An impressive video demo showed the chip powering a robot that could recognize the image of a man, his gestures, and objects such as a drill. Shin said that he is already working on two more SoCs: a general-purpose device and one dedicated to very large images.
A Harvard researcher described a 28-nm research chip supported by funds from ARM and DARPA. It consumed 568 nJ/prediction at 1.2 GHz by processing groups of neurons at a time using data-level parallelism on highly sparse data with resilience to errors.
“Most of the execution time is in MAC operations,” said Paul Whatmough, who presented the paper.

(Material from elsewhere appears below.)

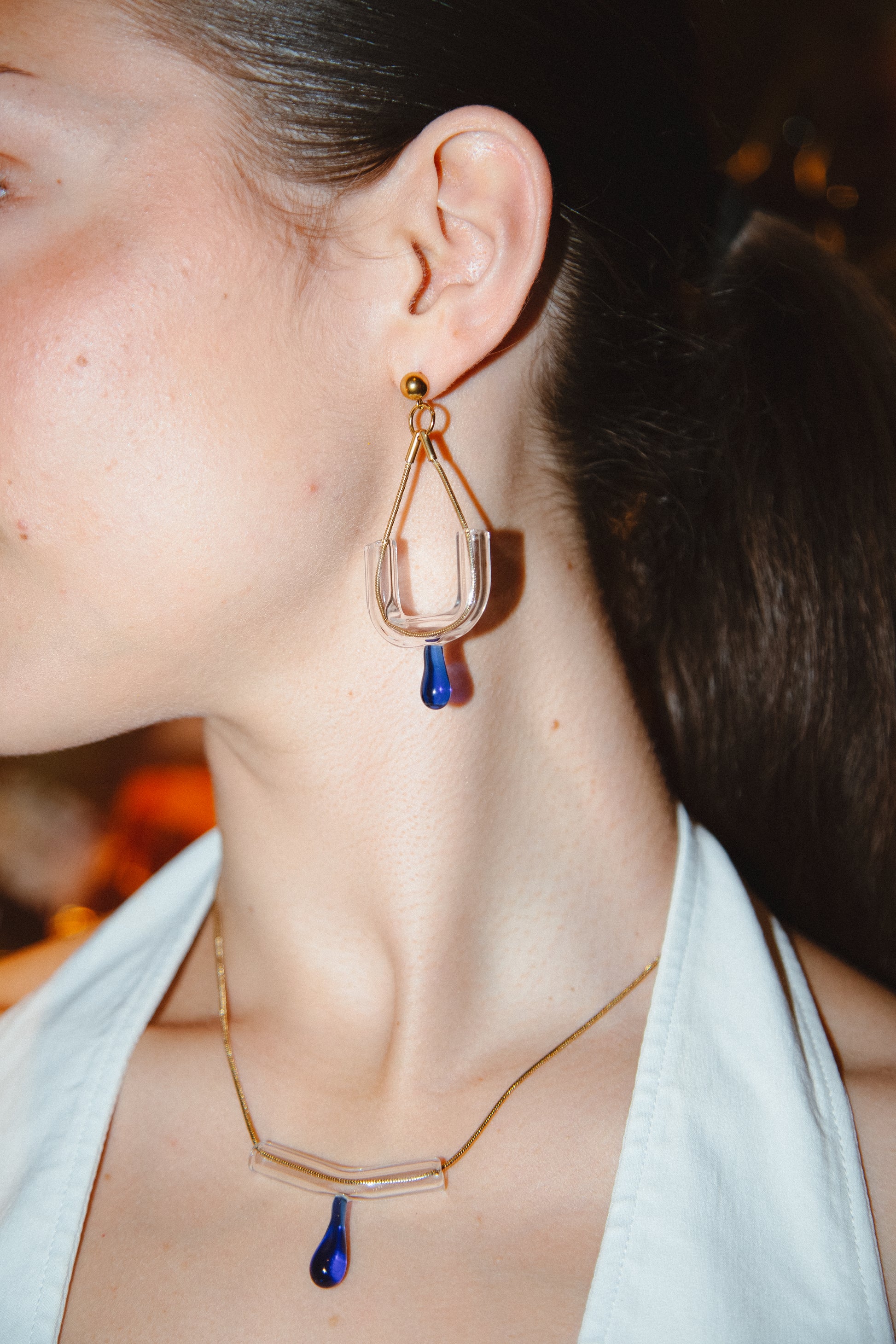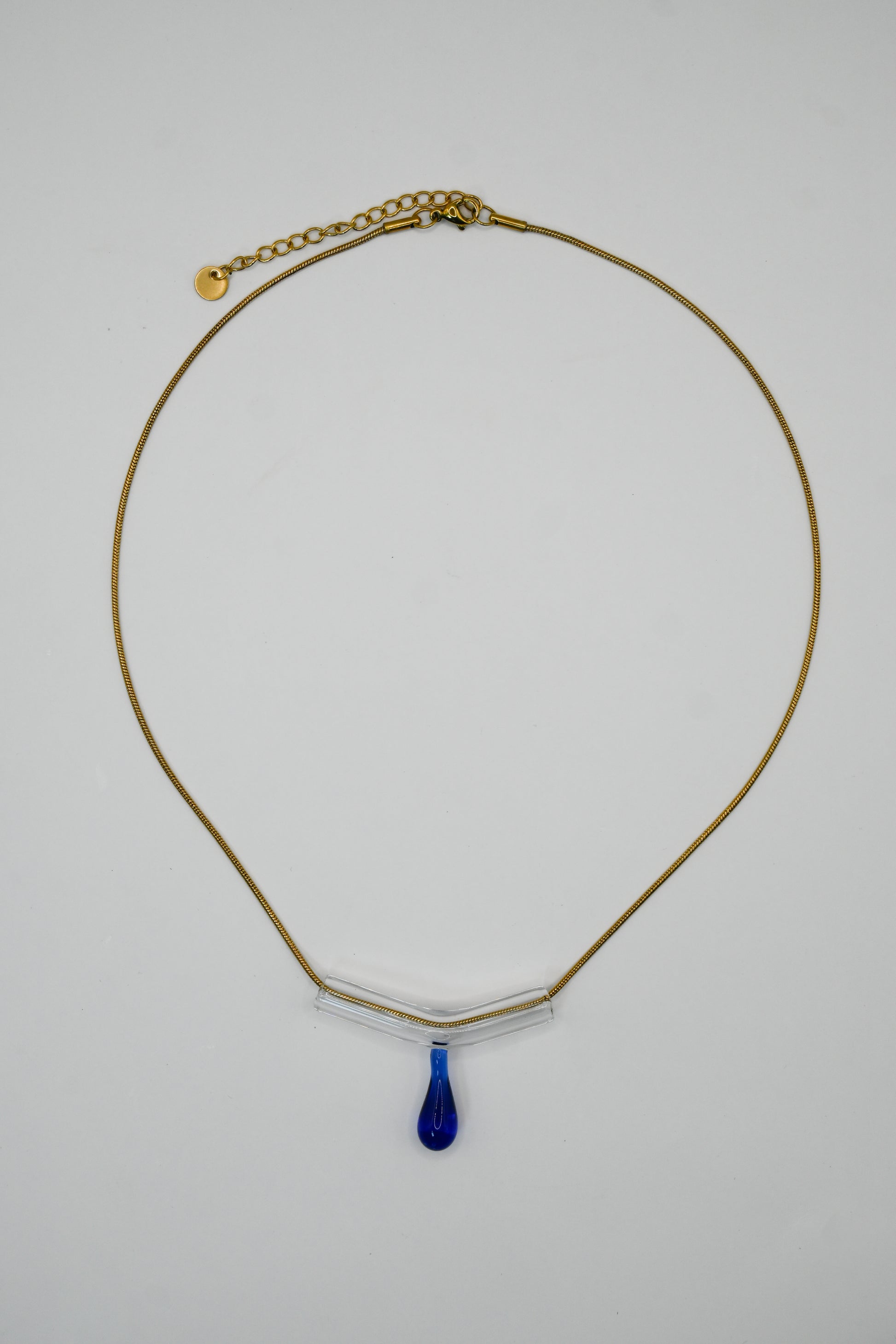 Delicadamente hecho a mano, el collar Vela combina la pureza del vidrio transparente con una sutil gota de color azul. Es una pieza elegante y ligera, diseñada para acompañarte en esas noches de verano donde todo fluye con naturalidad y estilo. Su brillo tenue evoca el encanto de una cena elegante: el sonido de las copas, la conversación pausada y el aire cálido que envuelve. Esta joya artesanal busca llamar la atención, realzar la belleza de lo simple, lo auténtico, lo que permanece.

ST's convolution accelerator was packed with MACs. (Image: ISSCC)
“IoT is a huge driver, devices are becoming sensor-rich, and apps need to turn data into information,” he said. Deep learning is increasingly seen as “a universal classifier to interpret noisy data, but it requires lots of memory and compute.&rdquo
Microprocessor veteran Marc Tremblay was one of several veterans attending the session. He agreed with others who noted that there are many efforts to define embedded deep-learning processors today both in high-profile startups and established companies, including his employer, Microsoft.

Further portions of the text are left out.